Leonid meteor shower: When’s the predicted peak?

This Nov. 18, 1999, photo shows a Leonid meteor storm over the Azrak desert, 90 km east of Amman, Jordan. (Jamal Nasrallah/AFP via Getty Images)

Are you a night owl and/or an early riser and like to look at the night sky? At midnight into the hours before dawn Tuesday is just the thing for you as the Leonid meteor shower is expected to peak during that time frame.

The Leonids were first seen in 902 A.D. and “storm” every 33 years, producing hundreds to thousands of meteors an hour. The last Leonid storm was in 2001.

This year, a dark sky site should produce 10 to 15 Leonid meteors an hour.

Each year at this time, Earth encounters a debris stream of cometary particles made by the comet Temple-Tuttle as it orbits the sun. As Earth moves in its orbit around the sun, it collides with this debris stream, and the particles hit our atmosphere at 45 miles per second (about 155,000 mph) to become “shooting or falling stars.” Earth encounters about a dozen major meteor showers a year.

The best place to see the Leonids is a dark sky location that is away from lights and obstructions such as trees and buildings. This will give you the best chance to see the peak of 10 to 15 meteors an hour.

The Perseid meteor shower shows what skywatchers can expect from the Leonids early Tuesday morning. (Courtesy Greg Redfern)

If you’re a city dweller, you still may see the brightest Leonids, as long as you’re not staring into a streetlight or nestled in among tall buildings.

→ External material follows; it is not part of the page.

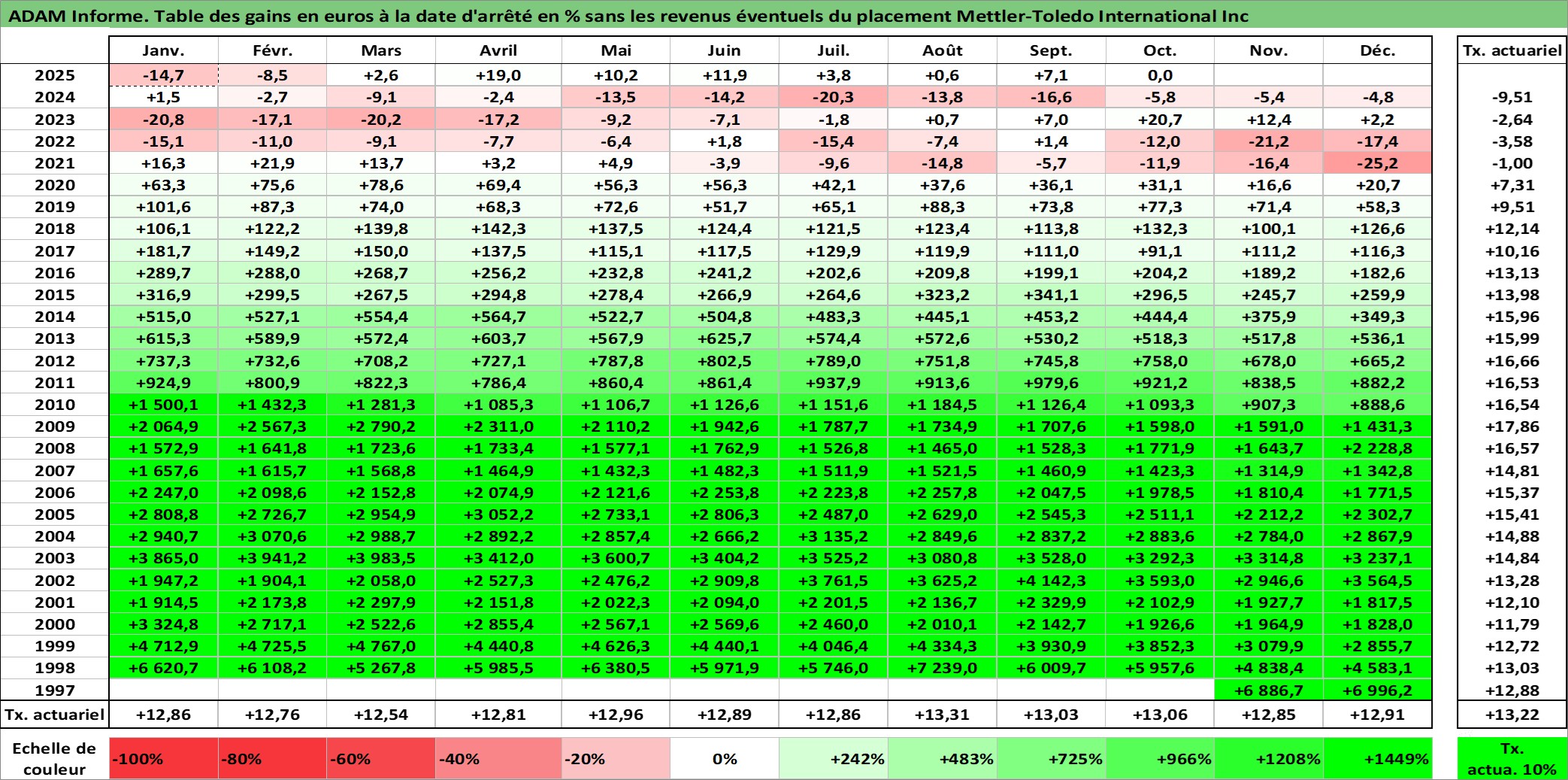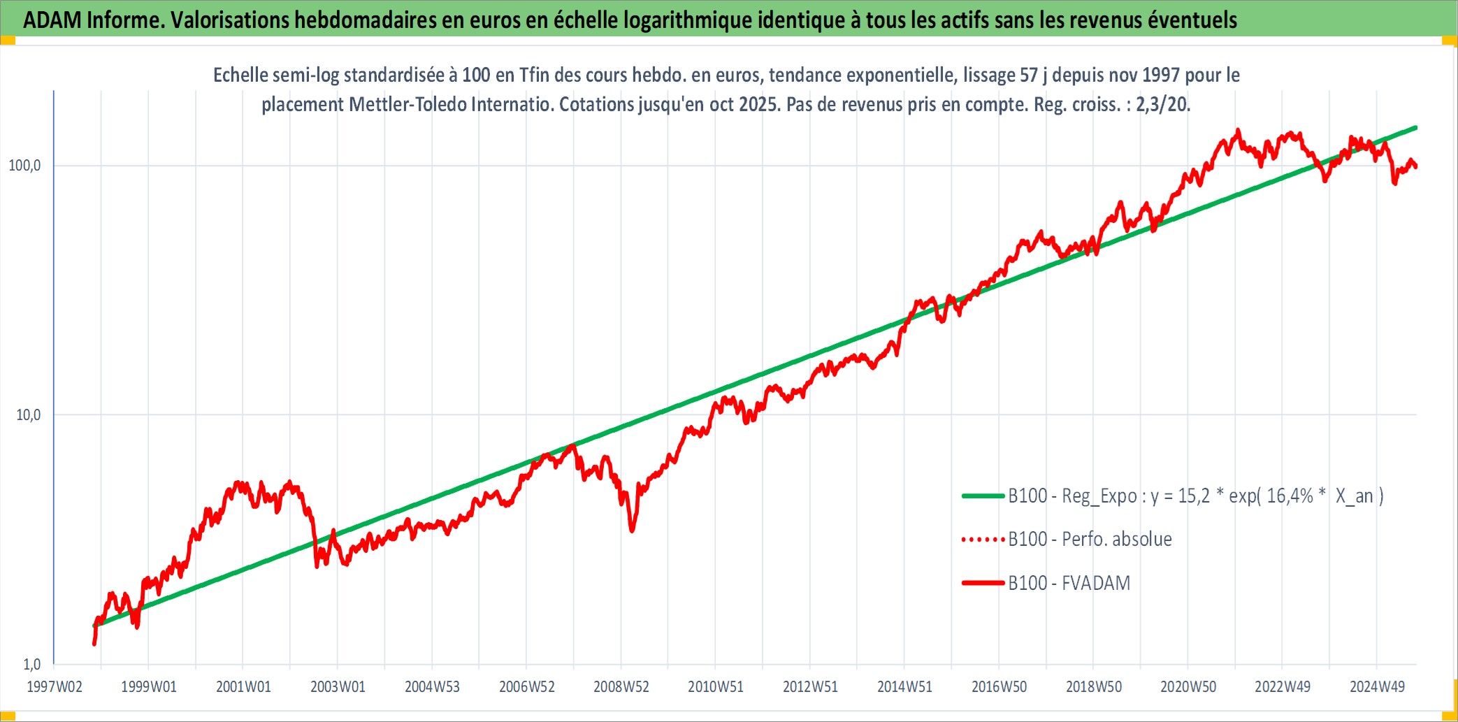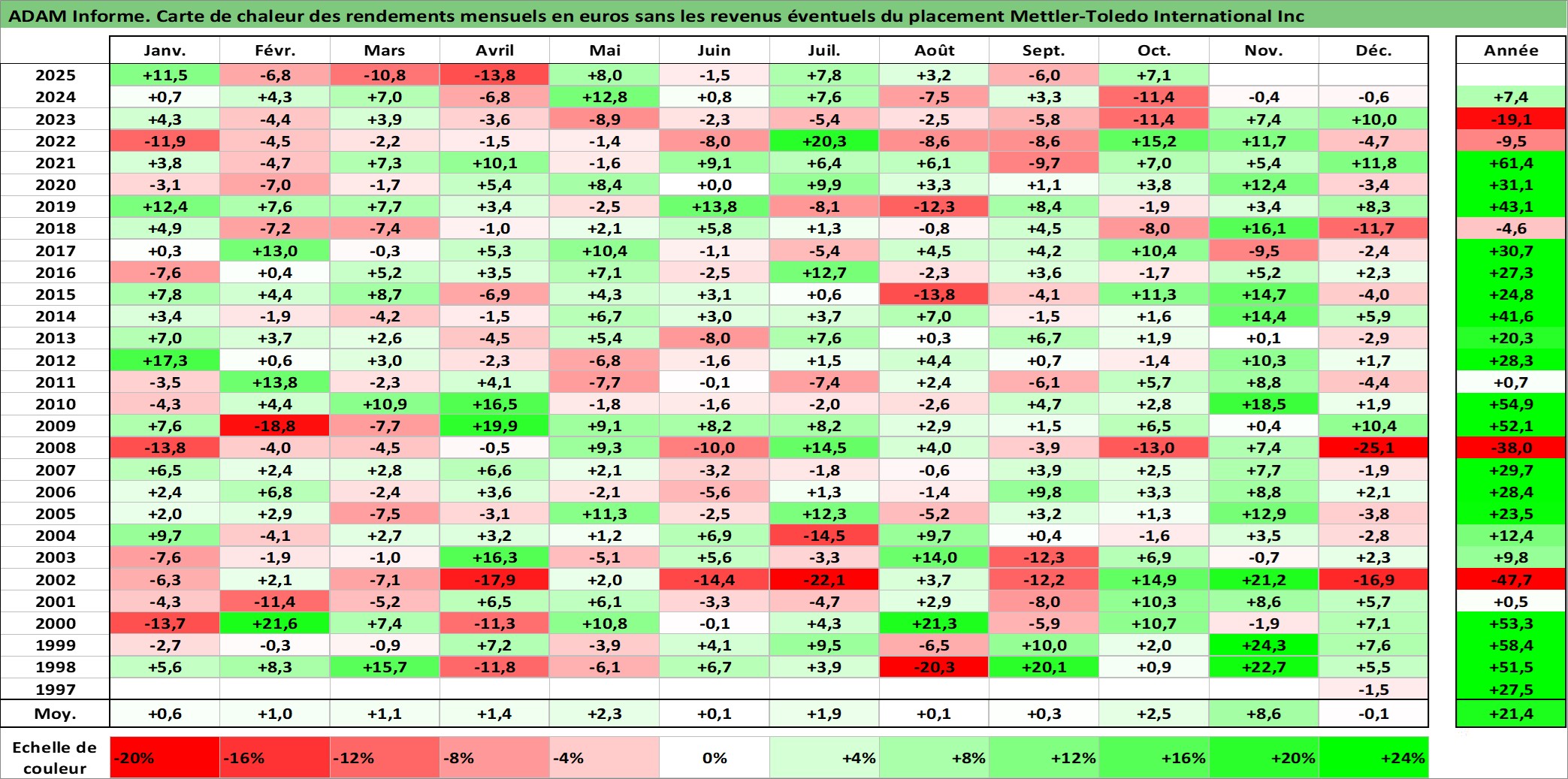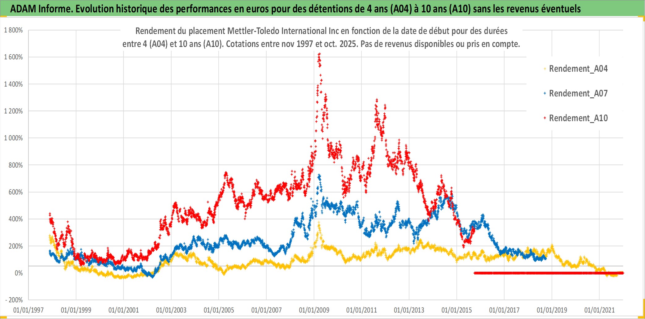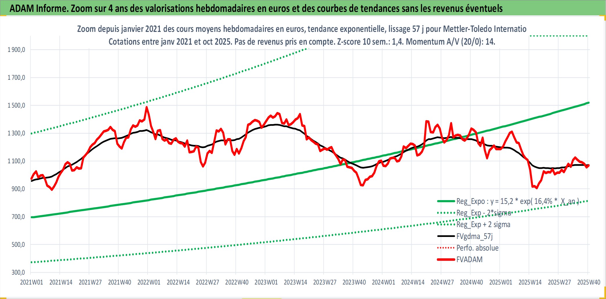Site dédié aux investisseursPage dédiée sur site financeAnalyse des valorisations hebdomadaires de l'action Mettler-Toledo International Inc. Cet actif est cote en USD. Les valorisations sont en contrevaleur EURO et couvrent les semaines 1997W46 a 2025W40. Les revenus de cet actif financier ne sont pas connus car non existants ou non disponibles sur le site Yahoo Finance. La note globale ESG de cet actif est estimee a 15.0 (apres rebasage entre 0 et 20).

Out in the country or along the beach is the best place to be. The moon will be out of the sky, so it will not affect the ability to see this year’s Leonids.

You do not need any equipment or know how to enjoy this meteor sky show. Just find a place where you can put a lounge chair or blanket to see the sky toward the east and overhead.

Starting after midnight, when the constellation Leo is starting to rise above the horizon, look toward the east. A meteor that is part of the shower can be traced back to the constellation Leo, which will be completely above the eastern horizon a little after 1 a.m.

As the night wears on, Leo will rise higher in the sky and move toward the west due to Earth’s rotation.

Sporadic meteors that are not part of the shower can be normally seen during the night as well.

The key to watching the shower is being comfortable — in other words, warm. The Leonids can appear anywhere in the sky, but looking at least halfway up in the sky facing the east gives you the widest viewing area; this is where the lounge chair, sleeping bag or blanket come in handy.

Enjoy the shower with family, friends or your significant other. Some music, food and beverages are an added plus.

If you’re up before dawn also check out bright Venus and Mercury in the east. Venus is the brighter and higher of the two.

The weather will be clear according to forecasts, so enjoy this celestial break from 2020.